Kritik der Ontologie
Lévinas kritisiert die ontologische Tradition, die das Denken des Abendlandes geprägt und dominiert hat.
Exkurs
Ontologie
Ontologie ist die »›Seinslehre‹, d.h. Lehre vom Seienden, sofern es ist.« (Halder 2008, 233) Damit ist ein Begriff gemeint, der in der philosophischen Tradition erst im 17. Jahrhundert aufkam, vom Prinzip her jedoch bereits auf das aristotelische Denken zurückgeht. In diesem interessiert nicht das einzelne Seiende in seiner Singularität, sondern das in ihm aufleuchtende allgemeine Sein. »Ontologie ist reine, sich selbst genügende theoria, ›Theorie‹ im ausgezeichneten Sinn. Die ontologische Frage ist sowohl die leerste, weil allgemeinste, als auch die umfassendste, weil auf die unbeschränkte Totalität gehend.« (ebd.)

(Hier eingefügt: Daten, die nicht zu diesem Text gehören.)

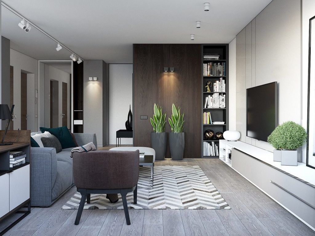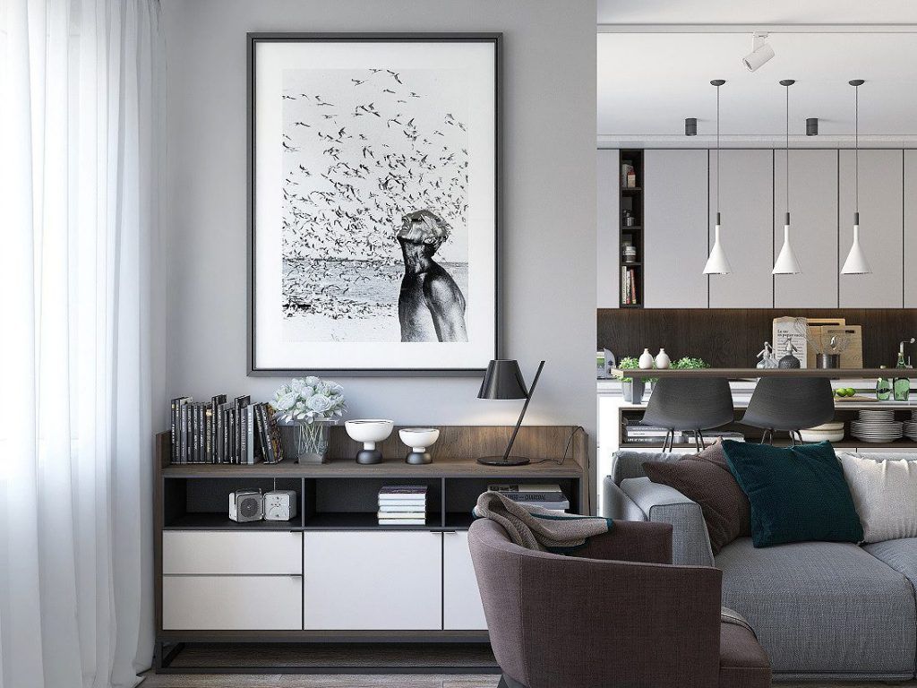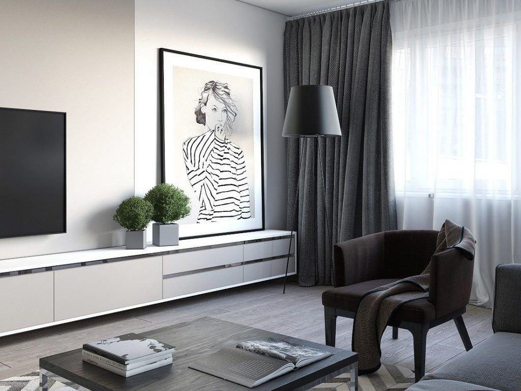 Pentru zona de living, spatiul urmeaza o linie minimalista, cu accent pe volumetrii si piese care ies in evidenta prin design. Accentul este pus pe piesele de baza, cu accesorii si decoratiuni care aduc un plus de personalitate ansamblului. Canapeaua, un otoman si un fotoliu precum si o masuta de cafea cu baza metalica compun o zona de conversatii placuta. Totul este completat cu spatiul destinat televizorului si o comoda lunga cu spatii utile de stocare. Grejurile si marourile predomina. Lumina naturala patrunde din belsug astfel ca totul pare mai amplu si mai spatios.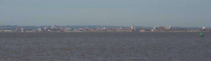 Panorama of Hull from the north bank of the River Humber with the Yorkshire Wolds rising behind the city.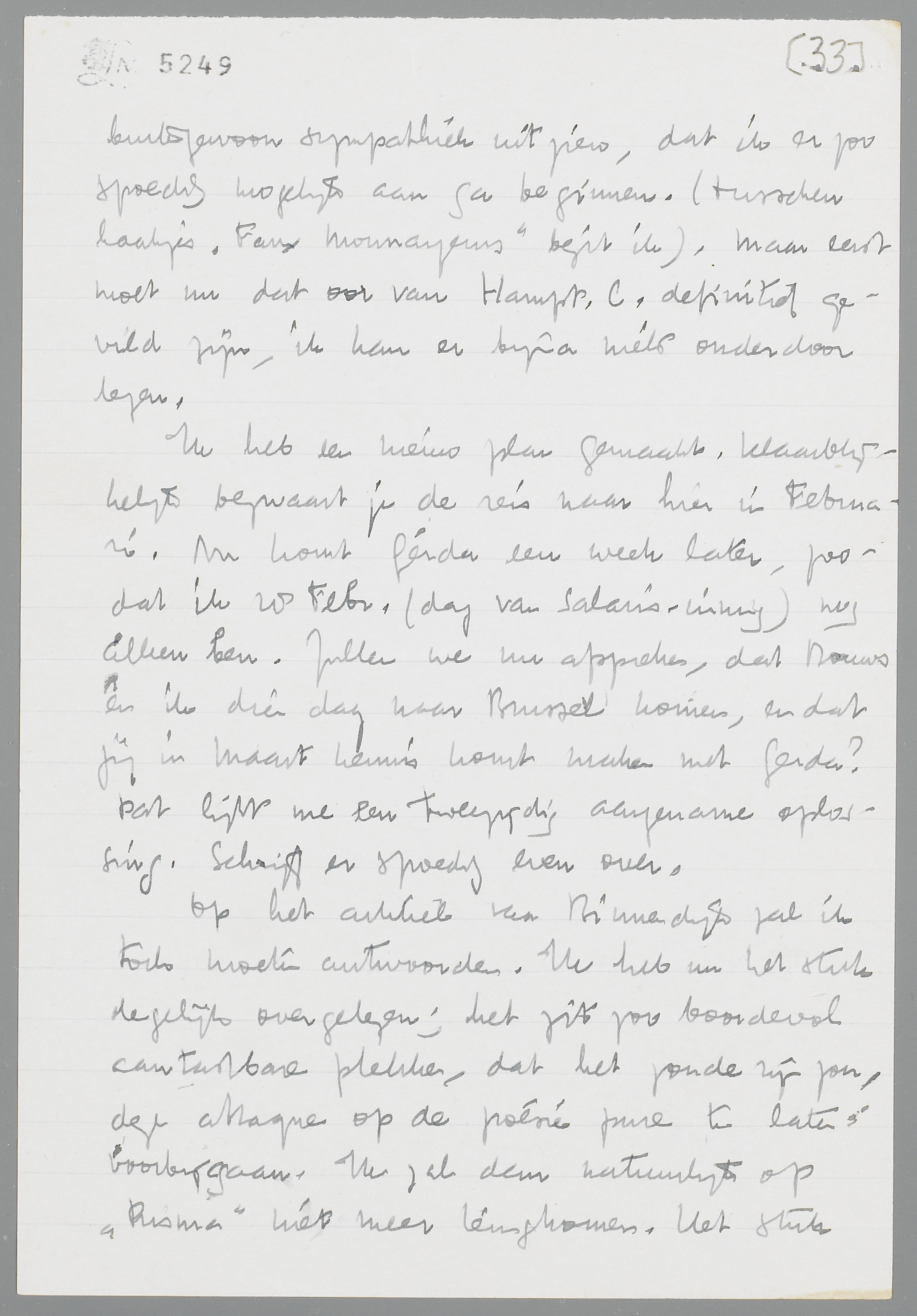 Ik heb een nieuw plan gemaakt. Klaarblijkelijk bezwaart je de reis naar hier in Februari. Nu komt Gerda een week later, zoodat ik 28 Febr. (dag van salaris-inning) nog alleen ben. Zullen we nu afspreken, dat Bouws en ik dien dag naar Brussel komen, en dat jij in Maart kennis komt maken met Gerda? Dat lijkt me een tweezijdig aangename oplossing. Schrijf er spoedig even over.

Im ontologischen Denken stehen sich zwei Grundordnungen gegenüber: auf der einen Seite die reale, sinnlich wahrnehmbare, aber vergängliche Welt, die Heimat aller einzelnen Seienden; auf der anderen Seite die geistige Wirklichkeit der Ideen, die alle allgemeinen Prinzipien beheimatet. Sie ist gleichsam die vorgegebene und übergeordnete Ordnung für alles sinnlich Seiende. Der Mensch lebt in beiden Ordnungen: Körperlich ist er in die sinnlich erfahrbare Welt eingebunden, an der geistigen Welt kann er teilhaben, da er mit Geist ausgestattet ist. Weil der Mensch vernunftbegabt ist, kann er die Welt der sinnlichen Einzelwesen transzendieren und an den geistigen Erkenntnissen teilhaben (vgl. Müller / Halder, 219f.).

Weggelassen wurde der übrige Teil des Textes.